Work to complete:
From the line with "On Saturday, August" to the line with "Жаркын жана өзгөчө", retype each line exactly as it stands in the records below, but skip the pictures.

Entries supplied:
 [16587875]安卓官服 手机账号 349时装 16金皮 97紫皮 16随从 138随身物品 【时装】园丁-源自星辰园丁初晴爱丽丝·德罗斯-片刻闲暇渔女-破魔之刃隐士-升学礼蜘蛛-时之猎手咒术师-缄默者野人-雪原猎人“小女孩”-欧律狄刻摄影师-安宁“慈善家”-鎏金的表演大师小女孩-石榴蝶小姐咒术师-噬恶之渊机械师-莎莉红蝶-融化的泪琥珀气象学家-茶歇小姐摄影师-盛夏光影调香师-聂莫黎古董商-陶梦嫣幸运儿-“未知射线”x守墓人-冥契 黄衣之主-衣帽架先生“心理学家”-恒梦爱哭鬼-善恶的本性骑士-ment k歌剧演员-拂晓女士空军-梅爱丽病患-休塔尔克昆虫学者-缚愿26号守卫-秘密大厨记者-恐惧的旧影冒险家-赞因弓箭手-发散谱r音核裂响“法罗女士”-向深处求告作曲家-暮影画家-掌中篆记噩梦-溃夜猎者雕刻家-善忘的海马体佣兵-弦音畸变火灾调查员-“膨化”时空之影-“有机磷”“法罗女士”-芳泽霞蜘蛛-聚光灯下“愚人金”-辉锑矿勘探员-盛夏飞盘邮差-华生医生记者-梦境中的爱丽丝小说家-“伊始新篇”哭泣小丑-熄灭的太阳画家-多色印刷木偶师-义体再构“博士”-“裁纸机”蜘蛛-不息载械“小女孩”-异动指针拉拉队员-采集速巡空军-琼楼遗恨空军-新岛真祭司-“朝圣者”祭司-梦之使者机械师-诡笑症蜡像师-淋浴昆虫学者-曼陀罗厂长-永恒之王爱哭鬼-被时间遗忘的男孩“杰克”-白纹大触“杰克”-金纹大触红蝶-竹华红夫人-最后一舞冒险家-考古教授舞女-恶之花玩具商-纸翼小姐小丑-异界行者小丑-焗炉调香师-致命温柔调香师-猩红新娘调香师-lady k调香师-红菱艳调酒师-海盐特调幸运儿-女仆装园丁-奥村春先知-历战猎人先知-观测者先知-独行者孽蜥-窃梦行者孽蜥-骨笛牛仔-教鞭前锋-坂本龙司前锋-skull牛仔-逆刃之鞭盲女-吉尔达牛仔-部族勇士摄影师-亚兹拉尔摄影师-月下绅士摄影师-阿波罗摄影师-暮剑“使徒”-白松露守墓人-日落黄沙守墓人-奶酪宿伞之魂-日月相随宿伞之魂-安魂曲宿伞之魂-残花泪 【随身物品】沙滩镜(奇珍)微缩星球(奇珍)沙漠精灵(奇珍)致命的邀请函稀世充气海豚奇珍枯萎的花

---

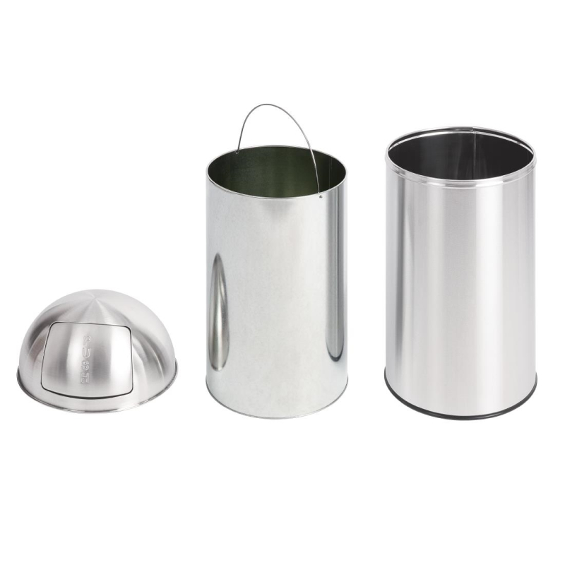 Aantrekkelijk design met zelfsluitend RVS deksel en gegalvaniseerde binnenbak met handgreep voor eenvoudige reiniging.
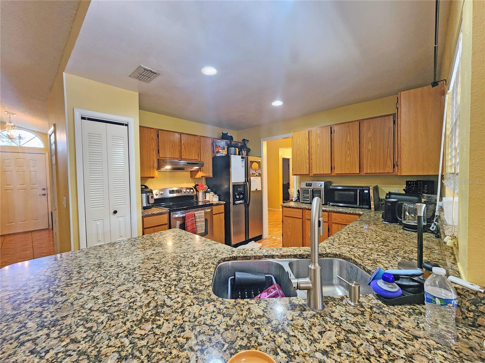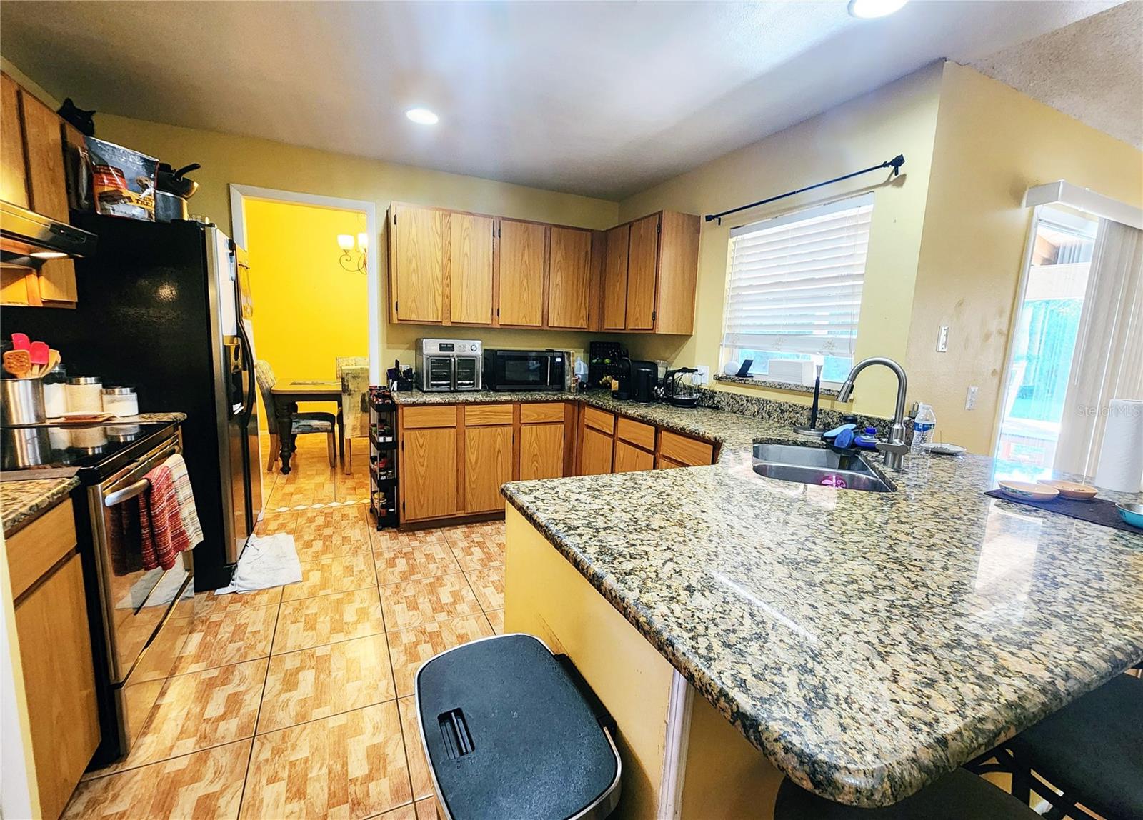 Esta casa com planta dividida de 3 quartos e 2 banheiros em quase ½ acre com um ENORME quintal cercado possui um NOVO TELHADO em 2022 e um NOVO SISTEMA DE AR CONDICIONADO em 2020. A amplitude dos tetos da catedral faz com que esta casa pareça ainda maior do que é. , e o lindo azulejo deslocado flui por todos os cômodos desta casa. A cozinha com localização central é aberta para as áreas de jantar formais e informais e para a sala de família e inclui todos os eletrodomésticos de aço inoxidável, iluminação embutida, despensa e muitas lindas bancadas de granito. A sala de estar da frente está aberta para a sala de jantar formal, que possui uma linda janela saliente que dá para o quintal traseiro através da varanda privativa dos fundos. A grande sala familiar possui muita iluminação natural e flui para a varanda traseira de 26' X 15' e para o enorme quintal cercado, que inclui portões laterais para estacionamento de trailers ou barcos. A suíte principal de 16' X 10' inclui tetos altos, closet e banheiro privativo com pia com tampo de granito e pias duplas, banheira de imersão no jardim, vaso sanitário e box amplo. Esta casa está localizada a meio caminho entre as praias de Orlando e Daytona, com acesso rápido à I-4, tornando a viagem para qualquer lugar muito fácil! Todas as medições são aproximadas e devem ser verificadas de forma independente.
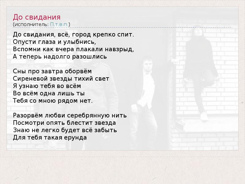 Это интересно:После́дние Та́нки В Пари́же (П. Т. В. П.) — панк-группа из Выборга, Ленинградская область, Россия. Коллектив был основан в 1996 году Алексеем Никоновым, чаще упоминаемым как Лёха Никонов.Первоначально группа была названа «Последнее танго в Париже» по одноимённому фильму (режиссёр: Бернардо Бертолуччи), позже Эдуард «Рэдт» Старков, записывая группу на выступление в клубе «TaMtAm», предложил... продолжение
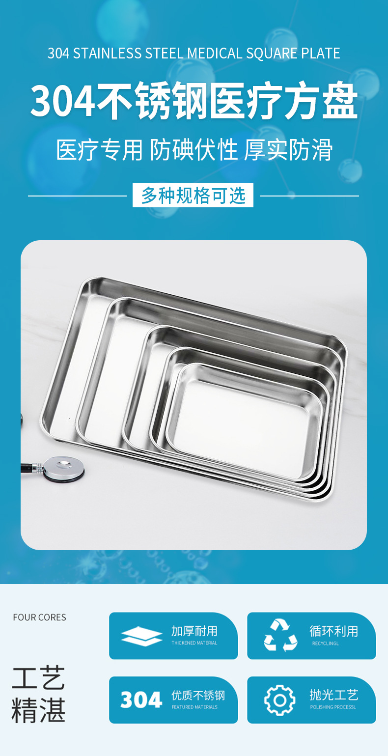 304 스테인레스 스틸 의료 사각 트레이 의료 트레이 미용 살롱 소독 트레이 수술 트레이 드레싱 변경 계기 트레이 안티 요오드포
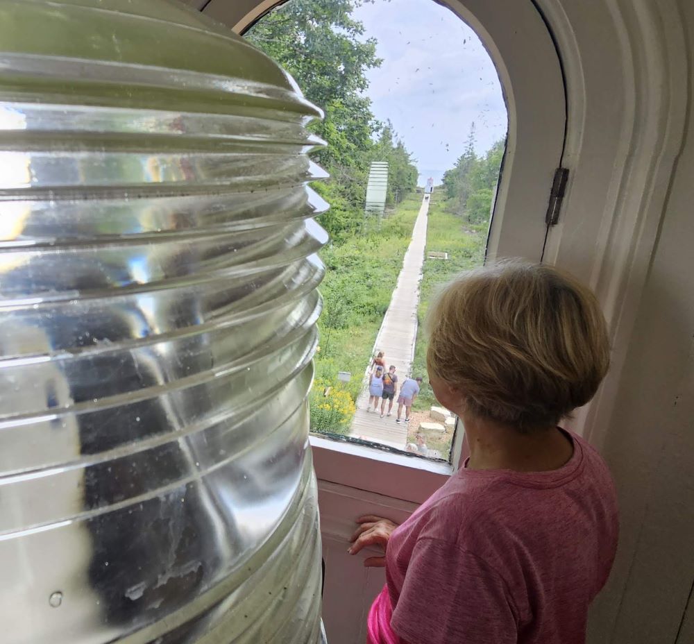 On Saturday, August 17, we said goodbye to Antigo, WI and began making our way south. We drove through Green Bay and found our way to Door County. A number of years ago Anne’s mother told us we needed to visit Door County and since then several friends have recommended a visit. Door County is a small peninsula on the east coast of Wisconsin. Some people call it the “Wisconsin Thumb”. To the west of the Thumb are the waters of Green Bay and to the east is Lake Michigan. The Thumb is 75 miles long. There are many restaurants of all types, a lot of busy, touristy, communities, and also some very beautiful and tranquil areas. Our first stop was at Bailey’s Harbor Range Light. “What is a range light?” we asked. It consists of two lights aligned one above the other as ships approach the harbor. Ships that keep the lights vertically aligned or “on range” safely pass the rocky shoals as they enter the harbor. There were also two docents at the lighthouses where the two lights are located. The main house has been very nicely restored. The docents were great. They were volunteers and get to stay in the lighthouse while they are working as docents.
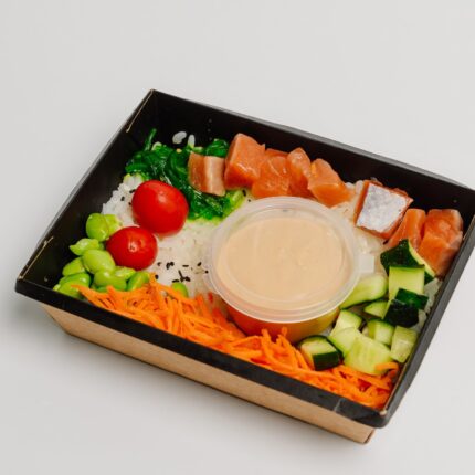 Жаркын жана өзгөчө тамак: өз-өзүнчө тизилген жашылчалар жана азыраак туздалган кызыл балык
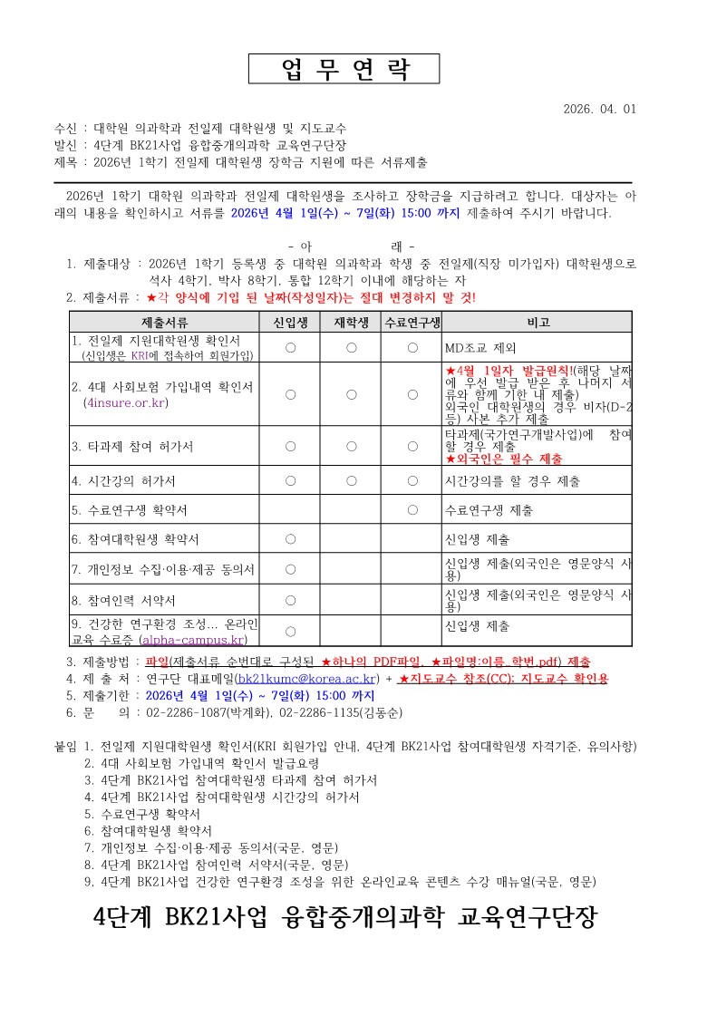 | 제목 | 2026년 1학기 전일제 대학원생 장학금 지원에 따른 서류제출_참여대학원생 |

Output for this task:
 On Saturday, August 17, we said goodbye to Antigo, WI and began making our way south. We drove through Green Bay and found our way to Door County. A number of years ago Anne’s mother told us we needed to visit Door County and since then several friends have recommended a visit. Door County is a small peninsula on the east coast of Wisconsin. Some people call it the “Wisconsin Thumb”. To the west of the Thumb are the waters of Green Bay and to the east is Lake Michigan. The Thumb is 75 miles long. There are many restaurants of all types, a lot of busy, touristy, communities, and also some very beautiful and tranquil areas. Our first stop was at Bailey’s Harbor Range Light. “What is a range light?” we asked. It consists of two lights aligned one above the other as ships approach the harbor. Ships that keep the lights vertically aligned or “on range” safely pass the rocky shoals as they enter the harbor. There were also two docents at the lighthouses where the two lights are located. The main house has been very nicely restored. The docents were great. They were volunteers and get to stay in the lighthouse while they are working as docents.
 Жаркын жана өзгөчө тамак: өз-өзүнчө тизилген жашылчалар жана азыраак туздалган кызыл балык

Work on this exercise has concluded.